Opinião

Acolher os refugiados ajuda o país

Acolher os refugiados ajuda o país

Não é de estranhar que a Igreja erga a sua voz em defesa dos migrantes e que critique os populismos que insistem em culpá-los de todos os males que afetam as sociedades ocidentais. A Igreja reconhece-se como povo peregrino e, portanto, faz parte do seu código genético a característica de povo emigrante, que lhe vem da tradição judaica.

O povo israelita tem em Abraão, o "arameu errante", a sua origem. Tem a consciência que desceu ao Egito, onde viveu como estrangeiro, para fugir da fome. Ali experimentou a escravidão até ser libertado por Deus. Toda a legislação bíblica do livro do Deuteronómio impõe ao povo o respeito pelo estrangeiro e recorda-lhe constantemente que foi escravo no Egito (Dt. 24, 17-18).
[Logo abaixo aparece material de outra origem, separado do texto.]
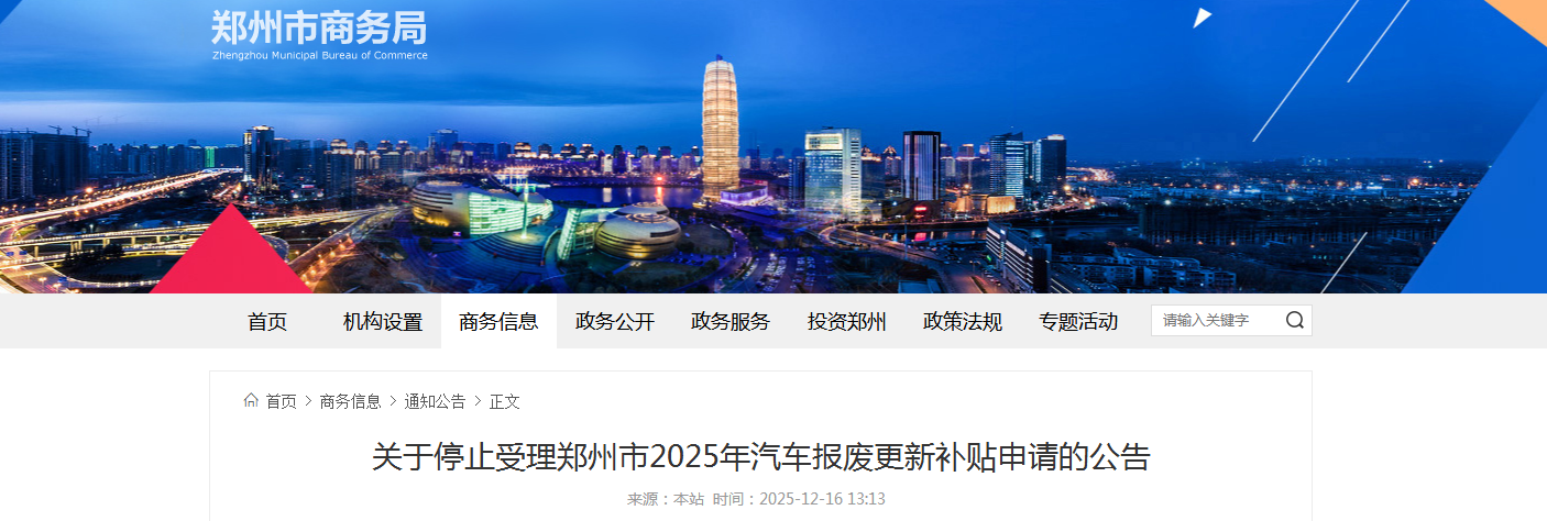 12月16日,郑州市商务局发布《关于停止受理郑州市2025年汽车报废更新补贴申请的公告》,具体公告如下:
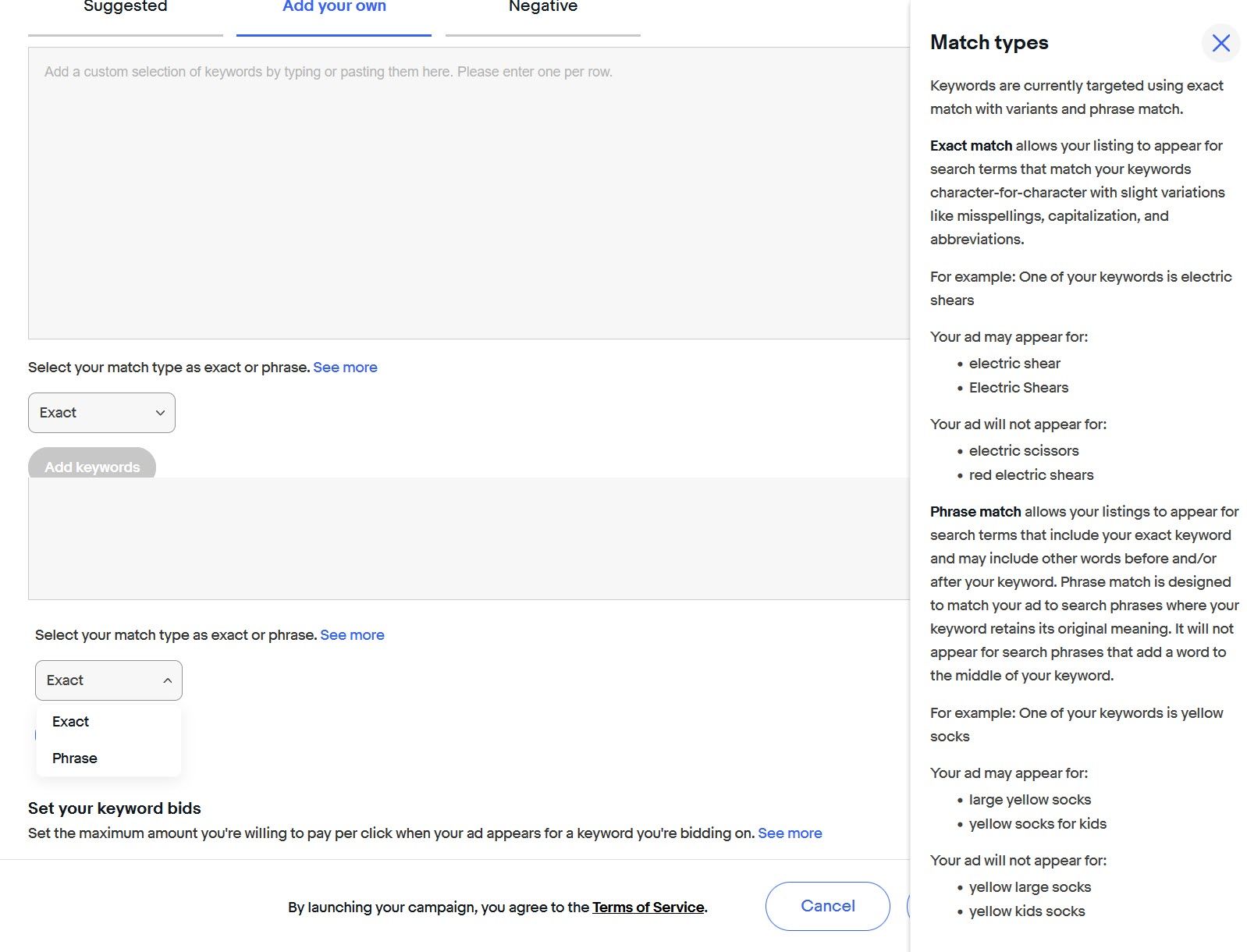 Exact match allows your listing to appear for search terms that match your keywords character for character with slight variations like misspellings, capitalization, and abbreviations.

O cristianismo é o herdeiro desta tradição e tem de ser sensível ao drama dos que, pelas mais variadas razões, se veem obrigados a abandonar a sua pátria e a procurar melhores condições de vida noutros países. Um cristão não pode voltar as costas aos emigrantes. E aqueles que têm responsabilidades políticas não podem ser insensíveis ao drama dos que fogem da guerra, do terrorismo e da fome e fechar-lhes as portas dos seus países. Não se podem brandir símbolos cristãos em comícios, como fez Matteo Salvini, vice-primeiro-ministro italiano, e, depois, não se ser coerente com uma das características mais determinantes da sua fé.

Salvini explora os receios que as populações sentem devido ao elevado número de emigrantes que rumam à Europa e, em particular, a Itália, procurando capitalizá-los em votos. Parece que está a ter muito sucesso... Mas o que se esperaria de um político cristão era que encontrasse soluções para este problema - não que fechasse fronteiras! Que fosse "mais criativo", exigiu o Papa Francisco numa entrevista concedida ao jornal italiano "La Stampa".

Em Portugal, encerrou-se ontem mais uma semana dedicada à reflexão sobre as migrações. D. António Vitalino, bispo emérito de Beja, responsável por este tema na Conferência Episcopal, publicou uma mensagem em que defende que aquele que emigra tem de "ser acolhido e não devolvido ao país de origem". Nos países de acolhimento tem de encontrar "proteção" e de ser "promovido em vez de abandonado à sua sorte, de ser integrado na sociedade e não empurrado para guetos". D. António Vitalino pede que se lute "contra o individualismo, a indiferença, ou mesmo contra a consideração dos migrantes como causa dos males que afetam as sociedades".

Já há em Portugal discursos populistas que defendem o fechamento das nossas fronteiras aos migrantes e refugiados. Também eles poderão ter algum sucesso eleitoral. Não é dessa forma, contudo, que se resolverão os problemas do país. A criatividade exigida pelo Papa para o acolhimento devido aos refugiados também não se encontra nessas propostas políticas. Não é rejeitando os refugiados e os emigrantes que se constrói um Portugal melhor. O seu acolhimento e integração é que podem ajudar a melhorar o país. Nomeadamente ajudando a inverter o declínio demográfico.